-- EXERCISE DIRECTIONS --
Below are entries. Give back exactly the lines from the one containing "由人民日报社《国际金融报》主" through the one containing "до минимального значения", inclusive, without the pictures.
═════ RECORDS FOR THE EXERCISE
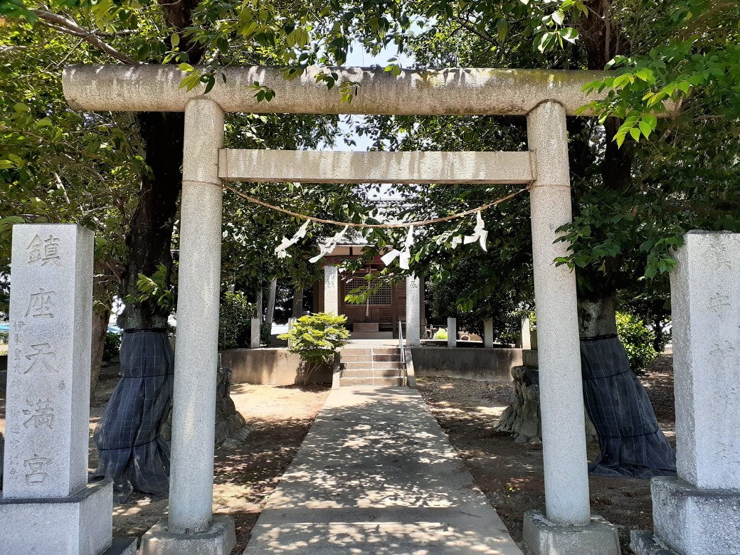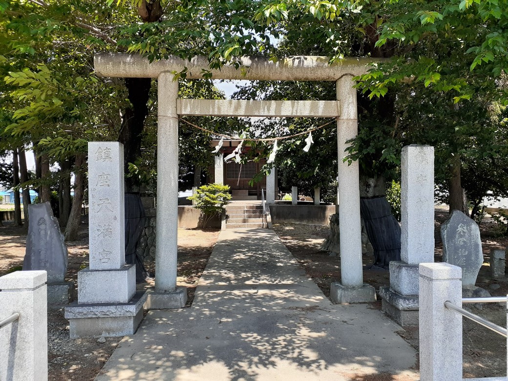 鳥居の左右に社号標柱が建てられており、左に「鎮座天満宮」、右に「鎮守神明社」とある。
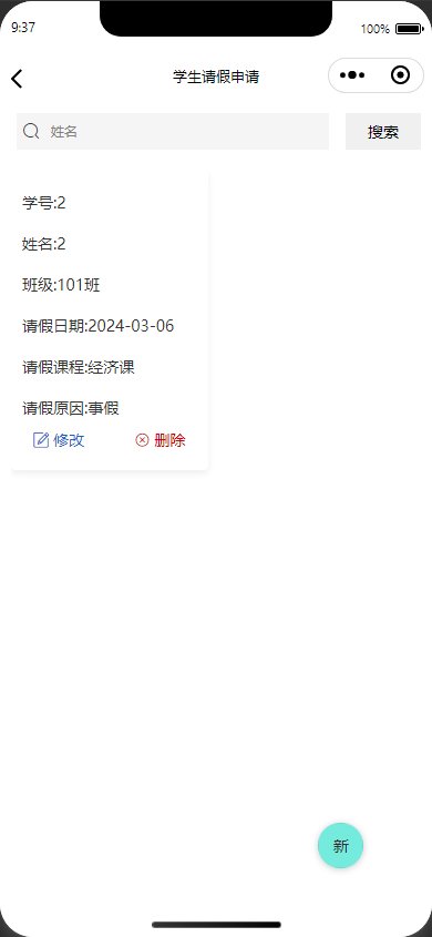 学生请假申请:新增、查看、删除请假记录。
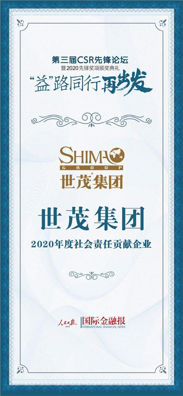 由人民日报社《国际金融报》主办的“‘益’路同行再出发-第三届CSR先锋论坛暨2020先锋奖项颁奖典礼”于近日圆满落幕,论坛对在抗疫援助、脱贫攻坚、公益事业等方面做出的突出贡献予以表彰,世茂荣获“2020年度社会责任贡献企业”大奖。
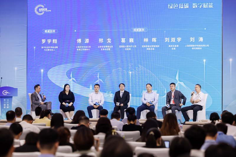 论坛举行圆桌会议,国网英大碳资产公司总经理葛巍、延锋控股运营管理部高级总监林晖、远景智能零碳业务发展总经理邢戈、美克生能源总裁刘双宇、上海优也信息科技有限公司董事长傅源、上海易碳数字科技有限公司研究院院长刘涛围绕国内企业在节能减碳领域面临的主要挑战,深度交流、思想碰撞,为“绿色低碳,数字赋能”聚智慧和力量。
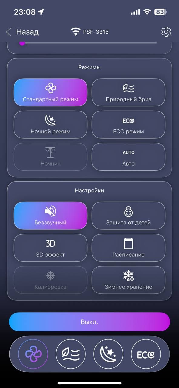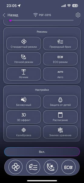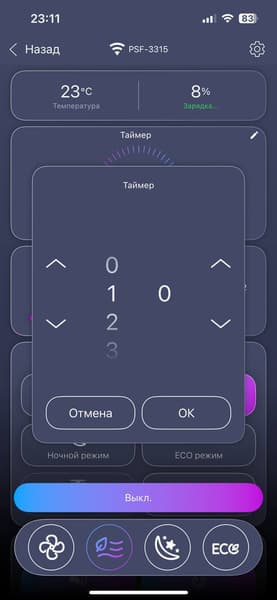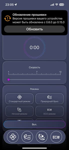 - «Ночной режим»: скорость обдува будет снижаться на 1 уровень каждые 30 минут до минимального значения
══════════
═════ RECORDS FOR THE EXERCISE
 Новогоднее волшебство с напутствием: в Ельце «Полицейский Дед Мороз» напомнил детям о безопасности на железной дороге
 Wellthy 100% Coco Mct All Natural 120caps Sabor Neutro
══════════
-- WRITTEN ANSWER --
 由人民日报社《国际金融报》主办的“‘益’路同行再出发-第三届CSR先锋论坛暨2020先锋奖项颁奖典礼”于近日圆满落幕,论坛对在抗疫援助、脱贫攻坚、公益事业等方面做出的突出贡献予以表彰,世茂荣获“2020年度社会责任贡献企业”大奖。
 论坛举行圆桌会议,国网英大碳资产公司总经理葛巍、延锋控股运营管理部高级总监林晖、远景智能零碳业务发展总经理邢戈、美克生能源总裁刘双宇、上海优也信息科技有限公司董事长傅源、上海易碳数字科技有限公司研究院院长刘涛围绕国内企业在节能减碳领域面临的主要挑战,深度交流、思想碰撞,为“绿色低碳,数字赋能”聚智慧和力量。
 - «Ночной режим»: скорость обдува будет снижаться на 1 уровень каждые 30 минут до минимального значения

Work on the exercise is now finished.